The rococo scenes that Yukhnovich looks to are opulently overcrowded, revelling in the mingling of bodies at celestial feasts. Even in Yukhnovich’s abstracted renderings, the sense of proximity between forms feels dangerously seductive in a world in which public gatherings remain restricted. Part of Tiepolo’s appeal for the artist was precisely these elaborate compositions. ‘It’s those little crowds that then have space between them,’ she says. ‘They kind of chat to each other.’ The notion of dialogue – between past and present, between an artist or artwork and their environment – is central for Yuhknovich. A great oval canvas, specially made in Venice and shipped to the Victoria Miro studio during the painter’s residency by boat, stands opposite the rippling reflections of an adjacent canal. ‘I’ve wanted to make an oval forever,’ she says, smiling. She spent days with her neck craned at Santa Maria della Visitazione studying The Coronation of the Virgin in person before manifesting her own response: ‘it’s like you’re seeing a peephole into the infinite.’

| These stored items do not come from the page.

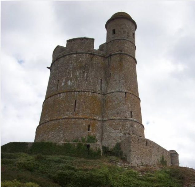
Le mur de protection de la tour couvert de lierre tel qu'il était en 2010
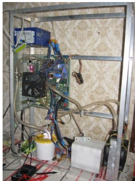
Нищербродский вариант СВО.
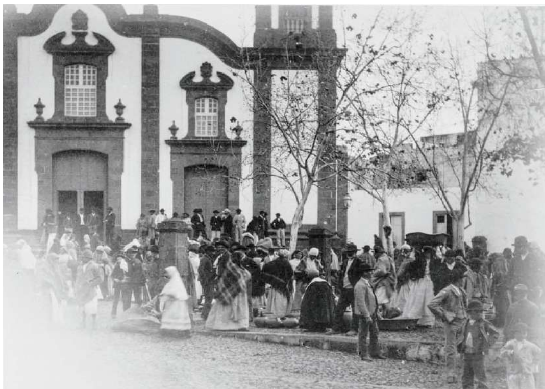
Mercado de Guía a finales del siglo XIX (FEDAC)

A través de los siglos el Mercado de abastecimiento público municipal de Guía, fue consolidándose, llegando a convertirse en el gran mercado de la Comarca Norte de Gran Canaria.
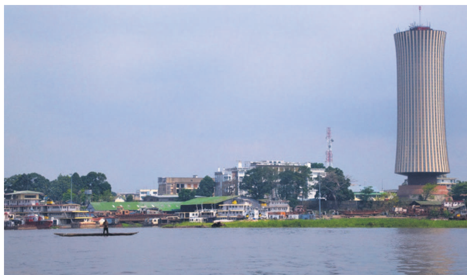
L'émission obligataire lancée par l'État congolais permettra de favoriser la croissance hors pétrole tout en œuvrant à la diversification économique du pays.

En outre, l'opération engagée d'apurement de la dette intérieure
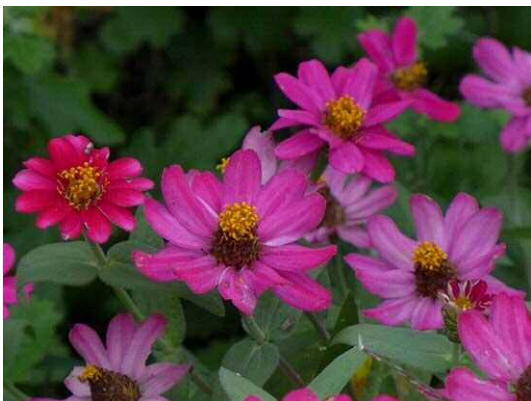
ヒャクニチソウ属の一種(ジニア) (R1 年 10 月 17 日)
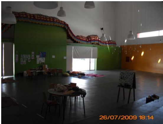
FOTO 47 - POLIVALENTE
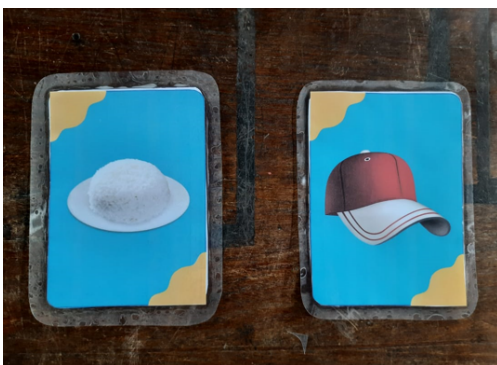
Gambar 1: Contoh tampak bagian depan kartu.
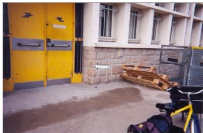
Ancienne entrée de service de la Poste en 2001

SOURCE DE REPÉRAGE : SPC VILAINE COTIERS BRETONS - 08/12/2016
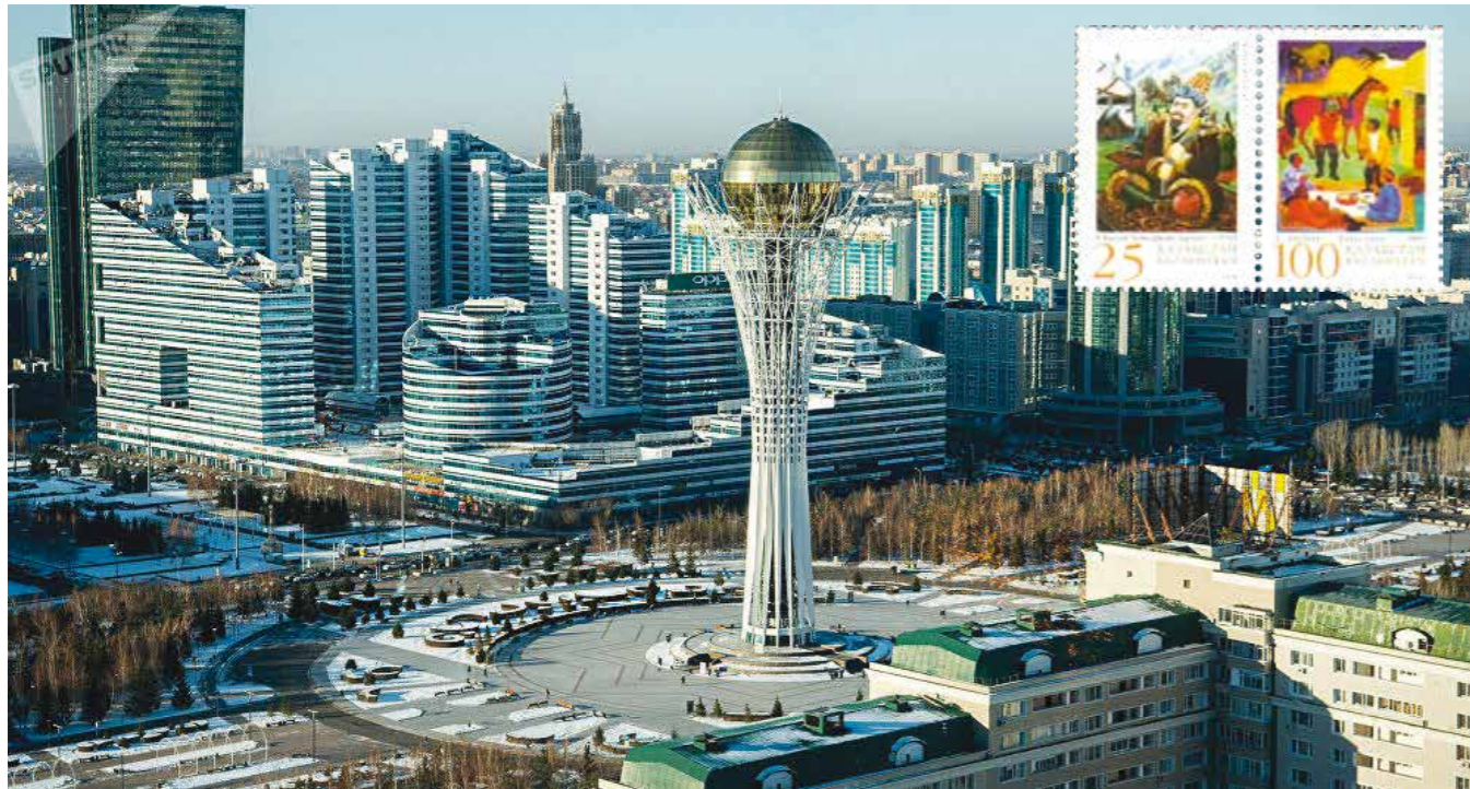
Astana, capitale du Kazakhstan
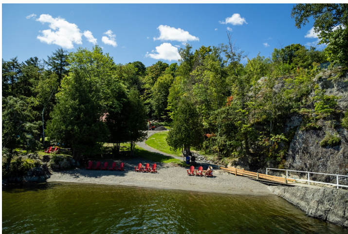
Accès au plan d'eau
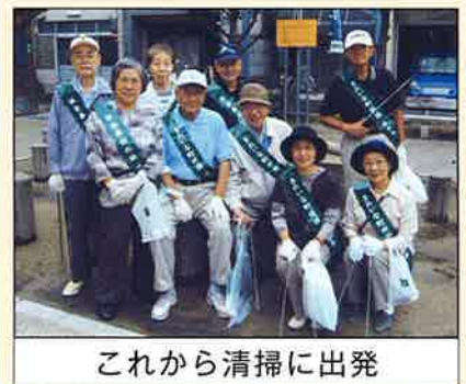
これから清掃に出発

とりくみとはなりました。が、長年住み慣れた修徳学区の道路(新町〜五条〜烏丸〜松原〜小田原)を清掃しました。途中、玉津島神社の境内で一服し、神社を守る町内の皆さんの苦勞もお聞きしました。修和会も年中、様々な行事にとりくみますが、このように全国の行事にとりく
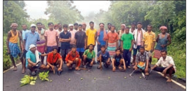
झाड़ियों की कटाई करने वाले वन सुरक्षा समिति के सदस्य।
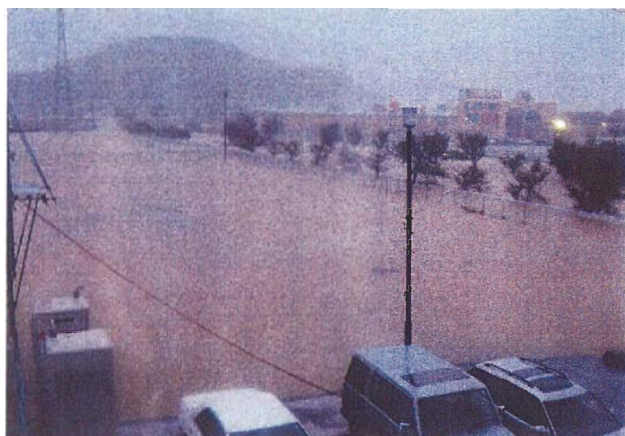
丹波市氷上町横田 浸水状況
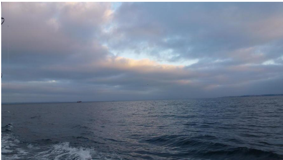
TIDLIGT PÅ DAGEN EFTER SILD OG TORSK
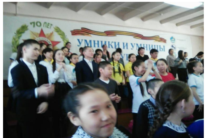
На республиканском конкурсе «Лидер 21 века»
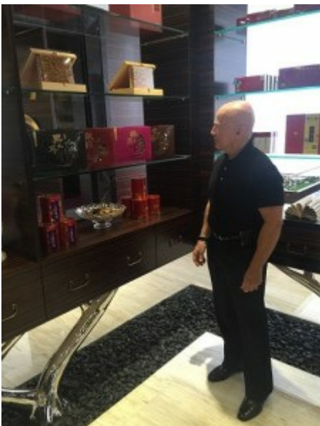
Snuisteren door moderne en traditionele Chinese

We ontmoetten in Shenzhen ook een aantal topmanagers van een bedrijf dat zich specialiseert in ultrakrachtige laserapparatuur. We zagen geautomatiseerde machines ontworpen om hoge volumes te produceren en verschillende producten die met lasers werden vervaardigd of versierd, zoals glas gegraveerd met lasersdesigns, telefoonhoesjes gegraveerd met lasers, en staal dat door lasers in vorm werd gesneden om te worden gebruikt in de scheepsbouw en de autoproduktie. De meeste machines die zij vervaardigen worden op maat gemaakt voor specifieke toepassingen en specifieke klanten. We vernamen dat het grootste deel van de lasermarkt wereldwijd voornamelijk bedoeld is voor lasers van laag vermogen die worden gebruikt in consumentenelektronica.
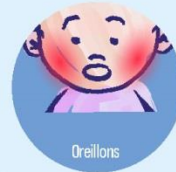
Oreillons Méningite, atteintes testiculaires
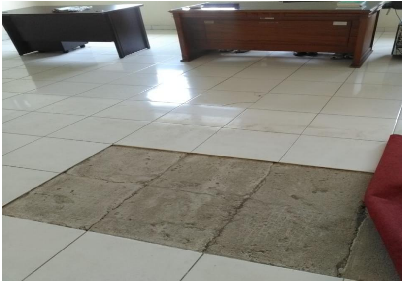
Ruang Hakim II Lantai II
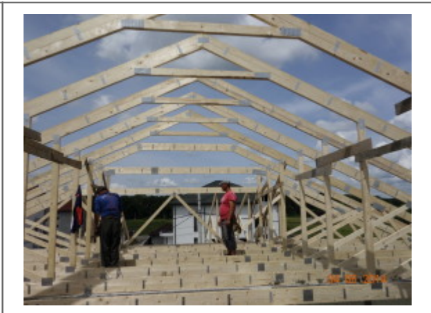
3. Placi multicii Posi Strut pentru planseu (inlocuieste placa de beton).
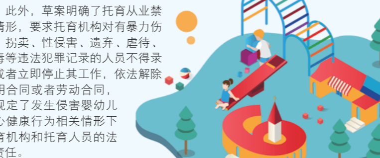
制图：唐亚迪

草案明确托育机构的设立条件，实行准入许可，并要求托育机构建立信息公示制度、建立健全安全管理制度。同时，草案严格托育人员任职资格条件，明确“实行托育师资格考试和注册制度”，并规范托育服务内容。草案还明确，“国家建立托育服务标准体系”，“县级以上地方人民政府卫生健康主管部门应当对托育机构的服务质量定期组织评估，并将评估结果向社会公布”。
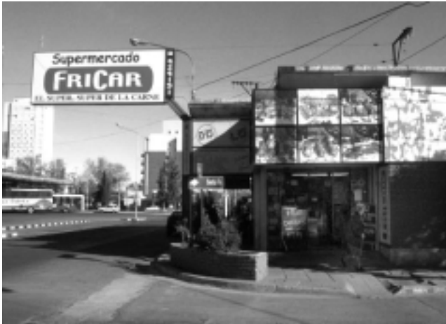
El «súper, súper de la carne» en la esquina de Corrientes y Santa Fé, frente a la Terminal de Omnibus de Santa Rosa.

La firma «Frigorífico de la Carne SRL» arribó recientemente a su segundo aniversario.
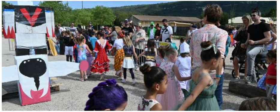
Carnaval Odel Var et Pep's 2026, sur le thème Galaxie
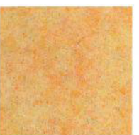
Pale yellow 41
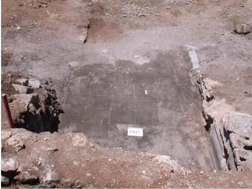
Resim 9- Nartheksin görünümü. (Çekim tarihi: 08.06.2003)
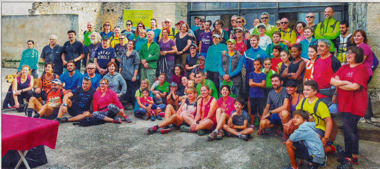
Imatge de família dels participants en l'acte d'inauguració d'aquesta nova variant.
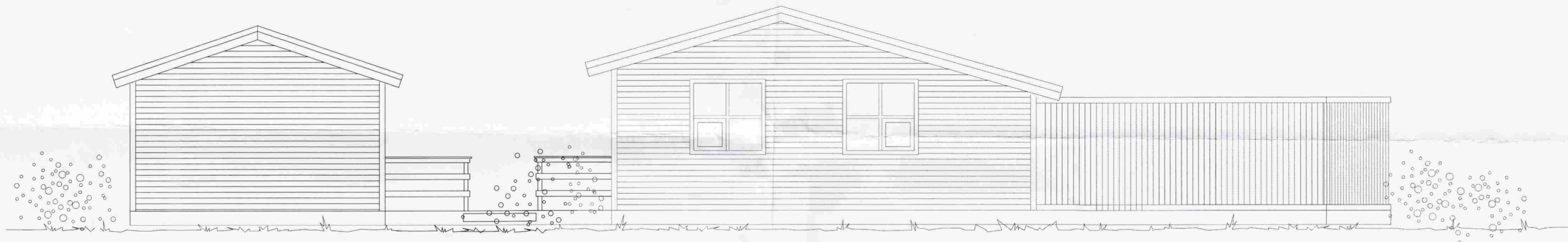
ÁSÝND NORÐUR 1:50
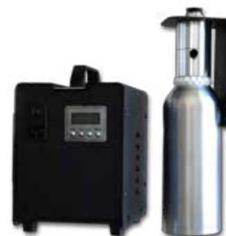
KEM 6000A Capacità 1 litro Copertura 6000/8000 m 3

Utilizzabili in spazi aperti o direttamente collegati agli impianti di climatizzazione.
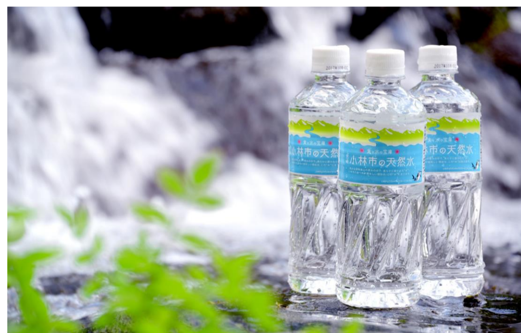
⑥宮崎小林市の天然水
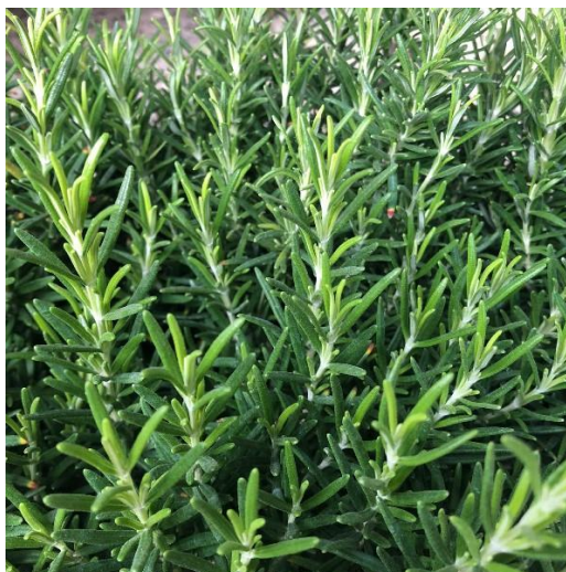
Figura 17: Rosmarino (Rosmarinus officinalis L.)
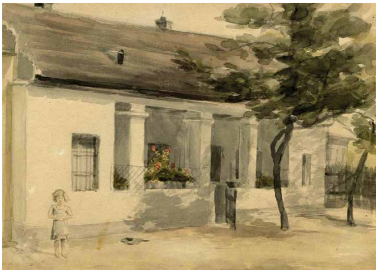
TORNÁCOS HÁZ PARAJDON (ERDÉLY), AKVARELL, 27 × 19 CM
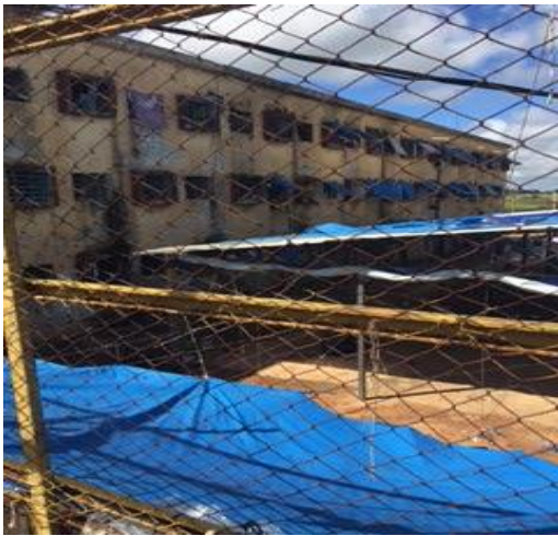
Ala em funcionamento com pátio (POG)

Until now Yukhnovich has been best known for large-scale works. ‘You have to bring a certain kind of assertiveness, and strength to a big painting; the moment you go down in scale, it’s suddenly very domestic,’ she observes. ‘To be doing that with Tiepolo ceilings, which were massive, was sort of a strange translation.’ Condensed by her gaze, two small canvases greet visitors at the gallery entrance: abstracted details from Tiepolo’s Transportation of the Holy House of Loreto in the Accademia. ‘It was one of the things I wanted to do on the residency, to try to crack that small scale, because it’s been my nemesis,’ Yukhnovich confesses.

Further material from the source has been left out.